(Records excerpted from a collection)
____________________

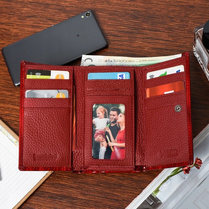 Vysoko kvalitná dámska peňaženka z kože, priestranná a prehľadná v červenej farbe.
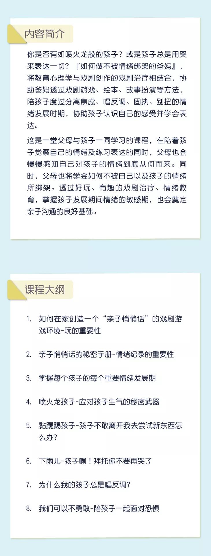 学会控制情绪是父母的必修课,更需要不断的练习。Otto2小象听听特邀英国国家注册戏剧治疗师黄暐筑,帮助爸爸妈妈了解孩子成长中的小情绪。在让父母了解孩子情绪的同时,也知道自己的坏情绪从何而来,知道如何『做不被情绪绑架的爸妈』!
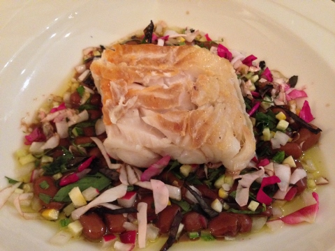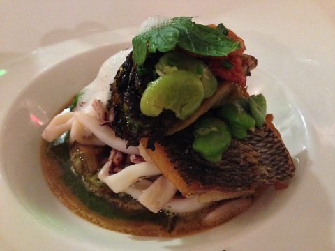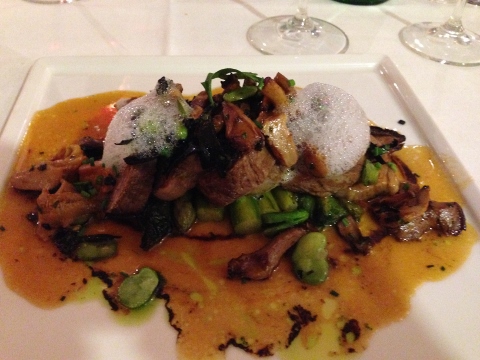 Trout with Calamari, Fava Beans and Parsley Oil was my main course and Veal with local Mushrooms, Favas and Foam was my husband’s dish.
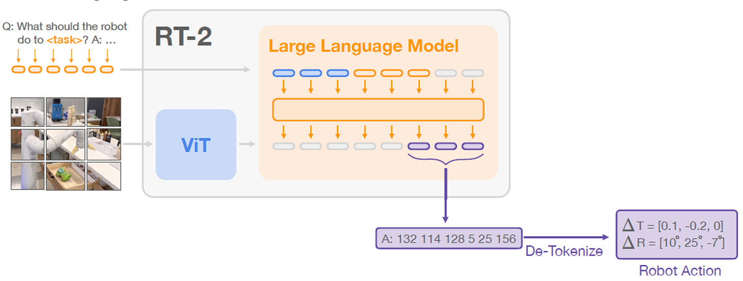 Another noteworthy breakthrough is the transformer-based robotic architecture RT-2 13 . It introduced a vision-language-action model, that encode robot actions as tokens to be processed by a transformer. The transform can generate such action tokens for the robot to take action accordingly. The architecture looks like this:
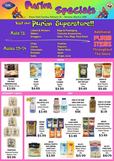 Seven Mile Market Purim Specials in Effect Tuesday, Feb. 24 - Monday, Mar. 2, 2026 / Open This Motzaei Shabbos
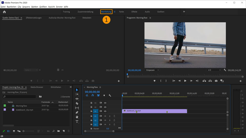 1. Lade dieÜbungsdateien herunter. Öffne die Datei „clips-social-media.prproj“ in Premiere Pro. Öffne den Arbeitsbereich Bearbeitung.
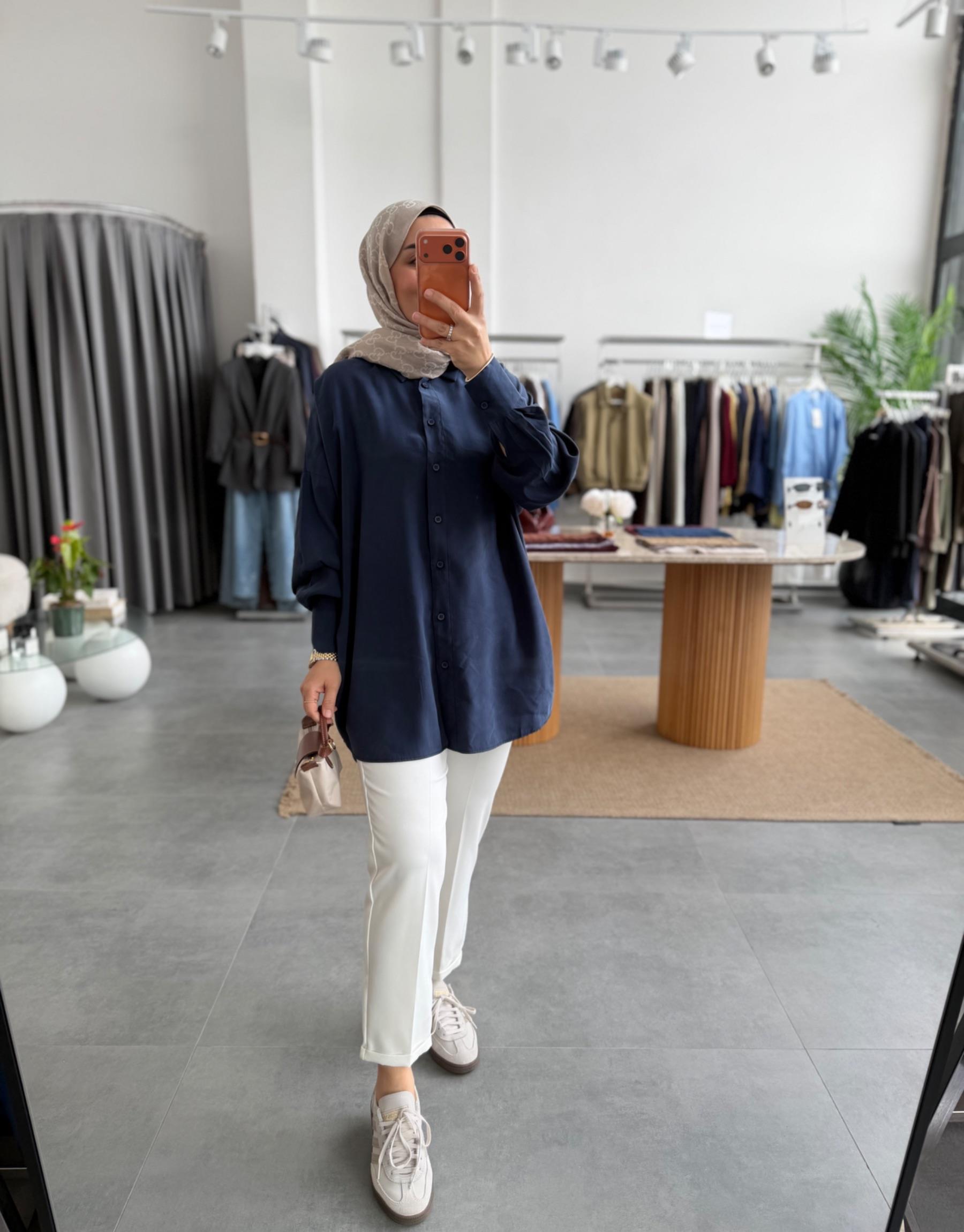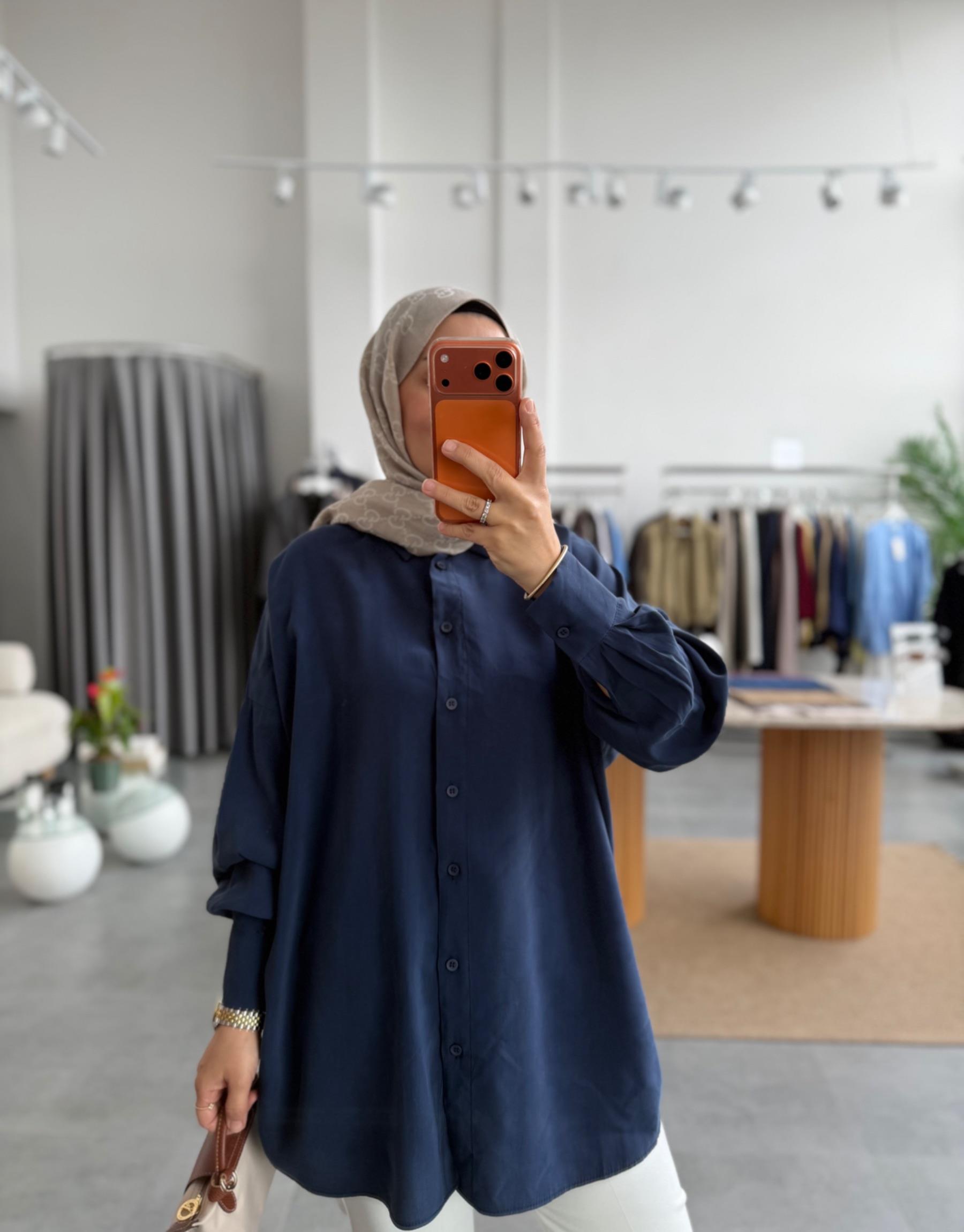 tesettur giyim Lacivert Basic Oversize Gömlek Butiköz

____________________

• **Exercise brief**: Exact repetition is the task: every line from the start of the data to the line with "1. Lade dieÜbungsdateien", inclusive, and none after it, pictures omitted.

• **Solved problem**:
 Vysoko kvalitná dámska peňaženka z kože, priestranná a prehľadná v červenej farbe.
 学会控制情绪是父母的必修课,更需要不断的练习。Otto2小象听听特邀英国国家注册戏剧治疗师黄暐筑,帮助爸爸妈妈了解孩子成长中的小情绪。在让父母了解孩子情绪的同时,也知道自己的坏情绪从何而来,知道如何『做不被情绪绑架的爸妈』!
 Trout with Calamari, Fava Beans and Parsley Oil was my main course and Veal with local Mushrooms, Favas and Foam was my husband’s dish.
 Another noteworthy breakthrough is the transformer-based robotic architecture RT-2 13 . It introduced a vision-language-action model, that encode robot actions as tokens to be processed by a transformer. The transform can generate such action tokens for the robot to take action accordingly. The architecture looks like this:
 Seven Mile Market Purim Specials in Effect Tuesday, Feb. 24 - Monday, Mar. 2, 2026 / Open This Motzaei Shabbos
 1. Lade dieÜbungsdateien herunter. Öffne die Datei „clips-social-media.prproj“ in Premiere Pro. Öffne den Arbeitsbereich Bearbeitung.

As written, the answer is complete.